But the interesting thing I realized (interesting to me, at least), leaving the theater humming the song, is that my ability to appreciate conventional art varies dramatically by medium. My taste in books is, with the exception of Dave Barry, almost painfully esoteric. I'm a little less uptight about movies (I liked Armageddon, for example, and Four Weddings and a Funeral is in my top ten), but in general I vastly prefer obscure, shakily-constructed films in which virtually nothing happens. And yet in music, which I care about the most, I am oddly willing to embrace some of the most unashamedly mainstream impulses. I like a fair amount of music that most people would identify as incomprehensible or broken, but I also believe that Alanis and Roxette are brilliant, and I stubbornly cling to the notion that Jewel will have a long and significant career once she fires her image consultants and stops recording glossy, soporific crap. Rick Springfield's album Karma was on my 1999 top-ten list not as a joke, nor as some sort of abstract commentary on the state of modern music, it was there because I heard more than a thousand records last year and thought Karma was better than all but five. It was not innovative at all, but insisting that every individual artwork must innovate is myopic, and resigns art to a drunkard's walk in place of progress. Innovation is an incredibly important force, but so is refinement. The past can be defied, or it can be drawn upon.

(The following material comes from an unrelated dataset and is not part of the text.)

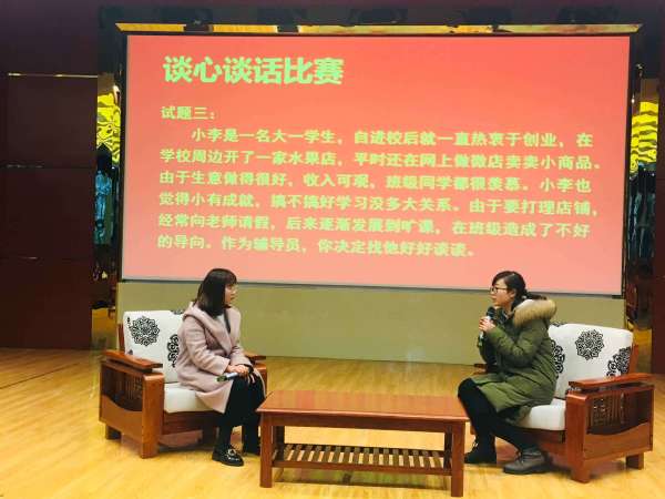 为深入贯彻落实党的十九大精神,加强新时代辅导员队伍建设,推动我院辅导员职业化、专业化发展,从本学期12月20日开始,学院启动了第三届辅导员职业技能大赛。竞赛分笔试、主题班会、案例写作、主题演讲、谈心谈话五个环节。来自全院的26名专职辅导员参加了各环节的比赛。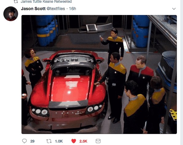 On February 6th, 2018 SpaceX launched the Falcon Heavy rocket, carrying Elon Musk's Tesla Roadster which had "Don't Panic!" written on the screen on the dash.

And so, although on some level I think In Blue, the third album by the nominally-Irish family band the Corrs, is to music more or less what Bring It On is to movies, formulaic, quite literally unimaginative, and with too many words in the title, Bring It On gets only an apologetic "OK" from me, while In Blue basically gets my heart. The Corrs invented none of this, not the three-chord choruses, not the sparkly studio arrangements, not the pouty, dark-eye-shadow-against-pale-skin expressions in the booklet photos, not the soaring harmonies or the traces of techno inserted only where they're most harmless. They've heard Björk and Sinéad, but they heard Fleetwood Mac and ABBA when they were much more impressionable. The women all wear too much lipstick, nobody has scowled into a wind-machine this faux-seductively since Heart quit trying to hide Ann's weight, and if this is what Irish music sounds like, then Ireland owes a national debt to the Bangles and Shania Twain. And yet, the only thing I find myself unable to decide is which of these songs exemplifies the Corrs' unerring instinct for perfect pop songs most completely.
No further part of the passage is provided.